(Dataset entries)
※ ※ ※

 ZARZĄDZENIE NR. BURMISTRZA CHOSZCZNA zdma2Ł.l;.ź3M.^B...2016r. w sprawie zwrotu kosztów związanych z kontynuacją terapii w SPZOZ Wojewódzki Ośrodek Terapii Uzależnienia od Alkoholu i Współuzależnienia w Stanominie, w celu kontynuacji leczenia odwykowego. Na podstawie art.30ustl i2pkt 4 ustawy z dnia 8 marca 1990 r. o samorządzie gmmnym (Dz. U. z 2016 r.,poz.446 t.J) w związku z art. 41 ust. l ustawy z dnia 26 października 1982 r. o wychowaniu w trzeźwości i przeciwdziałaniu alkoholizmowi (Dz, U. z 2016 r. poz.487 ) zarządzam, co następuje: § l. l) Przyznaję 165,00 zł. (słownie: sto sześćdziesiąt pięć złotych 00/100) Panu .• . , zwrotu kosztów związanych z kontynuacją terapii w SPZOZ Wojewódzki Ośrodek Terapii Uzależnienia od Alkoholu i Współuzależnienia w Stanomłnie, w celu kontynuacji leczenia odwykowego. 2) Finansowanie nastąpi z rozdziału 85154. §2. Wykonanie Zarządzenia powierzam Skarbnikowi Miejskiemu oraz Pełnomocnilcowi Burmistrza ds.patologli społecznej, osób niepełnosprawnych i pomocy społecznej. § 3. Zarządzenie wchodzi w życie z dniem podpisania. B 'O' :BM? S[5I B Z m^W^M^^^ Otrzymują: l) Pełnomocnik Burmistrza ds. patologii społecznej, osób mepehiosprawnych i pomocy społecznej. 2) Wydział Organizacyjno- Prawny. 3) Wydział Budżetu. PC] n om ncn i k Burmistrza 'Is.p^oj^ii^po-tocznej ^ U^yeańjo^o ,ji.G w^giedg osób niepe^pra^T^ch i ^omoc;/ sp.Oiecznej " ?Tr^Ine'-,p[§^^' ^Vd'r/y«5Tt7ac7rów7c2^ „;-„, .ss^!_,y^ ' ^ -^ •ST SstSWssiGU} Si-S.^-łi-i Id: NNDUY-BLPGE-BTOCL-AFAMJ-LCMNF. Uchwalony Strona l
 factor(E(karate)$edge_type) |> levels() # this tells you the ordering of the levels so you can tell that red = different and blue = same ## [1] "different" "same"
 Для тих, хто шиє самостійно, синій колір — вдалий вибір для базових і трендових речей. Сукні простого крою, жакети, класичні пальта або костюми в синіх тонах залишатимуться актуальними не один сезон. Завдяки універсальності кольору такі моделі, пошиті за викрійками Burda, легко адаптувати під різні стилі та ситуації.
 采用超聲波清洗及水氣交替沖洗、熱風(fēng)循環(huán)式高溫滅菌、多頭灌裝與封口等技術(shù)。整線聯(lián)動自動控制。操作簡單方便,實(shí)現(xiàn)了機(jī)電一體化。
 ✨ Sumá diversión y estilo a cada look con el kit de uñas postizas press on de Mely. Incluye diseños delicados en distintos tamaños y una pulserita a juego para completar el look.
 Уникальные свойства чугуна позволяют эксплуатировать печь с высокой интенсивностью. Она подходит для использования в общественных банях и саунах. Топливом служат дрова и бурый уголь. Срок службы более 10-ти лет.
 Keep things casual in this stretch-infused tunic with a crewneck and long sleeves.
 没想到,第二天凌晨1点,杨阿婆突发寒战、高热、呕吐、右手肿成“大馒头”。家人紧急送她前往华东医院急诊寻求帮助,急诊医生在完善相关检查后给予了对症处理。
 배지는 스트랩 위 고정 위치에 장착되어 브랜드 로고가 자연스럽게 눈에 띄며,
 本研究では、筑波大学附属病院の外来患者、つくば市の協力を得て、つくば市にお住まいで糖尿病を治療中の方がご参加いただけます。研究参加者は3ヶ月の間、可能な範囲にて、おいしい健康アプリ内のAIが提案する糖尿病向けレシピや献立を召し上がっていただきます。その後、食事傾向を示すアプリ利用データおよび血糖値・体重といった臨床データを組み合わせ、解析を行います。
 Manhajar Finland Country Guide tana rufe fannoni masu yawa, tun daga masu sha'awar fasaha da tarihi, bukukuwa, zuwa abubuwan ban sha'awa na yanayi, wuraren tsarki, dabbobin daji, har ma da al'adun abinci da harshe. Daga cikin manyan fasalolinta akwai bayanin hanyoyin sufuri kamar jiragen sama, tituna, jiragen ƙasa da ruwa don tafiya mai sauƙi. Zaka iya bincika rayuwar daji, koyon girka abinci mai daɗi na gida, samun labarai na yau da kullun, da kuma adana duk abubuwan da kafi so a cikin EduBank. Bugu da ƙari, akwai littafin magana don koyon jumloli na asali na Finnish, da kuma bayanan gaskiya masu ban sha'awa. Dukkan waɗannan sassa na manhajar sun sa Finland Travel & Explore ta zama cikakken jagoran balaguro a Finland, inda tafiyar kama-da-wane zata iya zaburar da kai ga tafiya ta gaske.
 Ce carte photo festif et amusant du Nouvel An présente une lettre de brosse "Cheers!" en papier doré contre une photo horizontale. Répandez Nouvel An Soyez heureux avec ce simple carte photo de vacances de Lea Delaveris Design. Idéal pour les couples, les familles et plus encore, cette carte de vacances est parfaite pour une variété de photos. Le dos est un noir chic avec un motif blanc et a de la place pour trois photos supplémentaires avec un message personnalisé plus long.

※ ※ ※

• WORK ORDER: Restate all of the entries above precisely.

• SOLUTION:
 ZARZĄDZENIE NR. BURMISTRZA CHOSZCZNA zdma2Ł.l;.ź3M.^B...2016r. w sprawie zwrotu kosztów związanych z kontynuacją terapii w SPZOZ Wojewódzki Ośrodek Terapii Uzależnienia od Alkoholu i Współuzależnienia w Stanominie, w celu kontynuacji leczenia odwykowego. Na podstawie art.30ustl i2pkt 4 ustawy z dnia 8 marca 1990 r. o samorządzie gmmnym (Dz. U. z 2016 r.,poz.446 t.J) w związku z art. 41 ust. l ustawy z dnia 26 października 1982 r. o wychowaniu w trzeźwości i przeciwdziałaniu alkoholizmowi (Dz, U. z 2016 r. poz.487 ) zarządzam, co następuje: § l. l) Przyznaję 165,00 zł. (słownie: sto sześćdziesiąt pięć złotych 00/100) Panu .• . , zwrotu kosztów związanych z kontynuacją terapii w SPZOZ Wojewódzki Ośrodek Terapii Uzależnienia od Alkoholu i Współuzależnienia w Stanomłnie, w celu kontynuacji leczenia odwykowego. 2) Finansowanie nastąpi z rozdziału 85154. §2. Wykonanie Zarządzenia powierzam Skarbnikowi Miejskiemu oraz Pełnomocnilcowi Burmistrza ds.patologli społecznej, osób niepełnosprawnych i pomocy społecznej. § 3. Zarządzenie wchodzi w życie z dniem podpisania. B 'O' :BM? S[5I B Z m^W^M^^^ Otrzymują: l) Pełnomocnik Burmistrza ds. patologii społecznej, osób mepehiosprawnych i pomocy społecznej. 2) Wydział Organizacyjno- Prawny. 3) Wydział Budżetu. PC] n om ncn i k Burmistrza 'Is.p^oj^ii^po-tocznej ^ U^yeańjo^o ,ji.G w^giedg osób niepe^pra^T^ch i ^omoc;/ sp.Oiecznej " ?Tr^Ine'-,p[§^^' ^Vd'r/y«5Tt7ac7rów7c2^ „;-„, .ss^!_,y^ ' ^ -^ •ST SstSWssiGU} Si-S.^-łi-i Id: NNDUY-BLPGE-BTOCL-AFAMJ-LCMNF. Uchwalony Strona l
 factor(E(karate)$edge_type) |> levels() # this tells you the ordering of the levels so you can tell that red = different and blue = same ## [1] "different" "same"
 Для тих, хто шиє самостійно, синій колір — вдалий вибір для базових і трендових речей. Сукні простого крою, жакети, класичні пальта або костюми в синіх тонах залишатимуться актуальними не один сезон. Завдяки універсальності кольору такі моделі, пошиті за викрійками Burda, легко адаптувати під різні стилі та ситуації.
 采用超聲波清洗及水氣交替沖洗、熱風(fēng)循環(huán)式高溫滅菌、多頭灌裝與封口等技術(shù)。整線聯(lián)動自動控制。操作簡單方便,實(shí)現(xiàn)了機(jī)電一體化。
 ✨ Sumá diversión y estilo a cada look con el kit de uñas postizas press on de Mely. Incluye diseños delicados en distintos tamaños y una pulserita a juego para completar el look.
 Уникальные свойства чугуна позволяют эксплуатировать печь с высокой интенсивностью. Она подходит для использования в общественных банях и саунах. Топливом служат дрова и бурый уголь. Срок службы более 10-ти лет.
 Keep things casual in this stretch-infused tunic with a crewneck and long sleeves.
 没想到,第二天凌晨1点,杨阿婆突发寒战、高热、呕吐、右手肿成“大馒头”。家人紧急送她前往华东医院急诊寻求帮助,急诊医生在完善相关检查后给予了对症处理。
 배지는 스트랩 위 고정 위치에 장착되어 브랜드 로고가 자연스럽게 눈에 띄며,
 本研究では、筑波大学附属病院の外来患者、つくば市の協力を得て、つくば市にお住まいで糖尿病を治療中の方がご参加いただけます。研究参加者は3ヶ月の間、可能な範囲にて、おいしい健康アプリ内のAIが提案する糖尿病向けレシピや献立を召し上がっていただきます。その後、食事傾向を示すアプリ利用データおよび血糖値・体重といった臨床データを組み合わせ、解析を行います。
 Manhajar Finland Country Guide tana rufe fannoni masu yawa, tun daga masu sha'awar fasaha da tarihi, bukukuwa, zuwa abubuwan ban sha'awa na yanayi, wuraren tsarki, dabbobin daji, har ma da al'adun abinci da harshe. Daga cikin manyan fasalolinta akwai bayanin hanyoyin sufuri kamar jiragen sama, tituna, jiragen ƙasa da ruwa don tafiya mai sauƙi. Zaka iya bincika rayuwar daji, koyon girka abinci mai daɗi na gida, samun labarai na yau da kullun, da kuma adana duk abubuwan da kafi so a cikin EduBank. Bugu da ƙari, akwai littafin magana don koyon jumloli na asali na Finnish, da kuma bayanan gaskiya masu ban sha'awa. Dukkan waɗannan sassa na manhajar sun sa Finland Travel & Explore ta zama cikakken jagoran balaguro a Finland, inda tafiyar kama-da-wane zata iya zaburar da kai ga tafiya ta gaske.
 Ce carte photo festif et amusant du Nouvel An présente une lettre de brosse "Cheers!" en papier doré contre une photo horizontale. Répandez Nouvel An Soyez heureux avec ce simple carte photo de vacances de Lea Delaveris Design. Idéal pour les couples, les familles et plus encore, cette carte de vacances est parfaite pour une variété de photos. Le dos est un noir chic avec un motif blanc et a de la place pour trois photos supplémentaires avec un message personnalisé plus long.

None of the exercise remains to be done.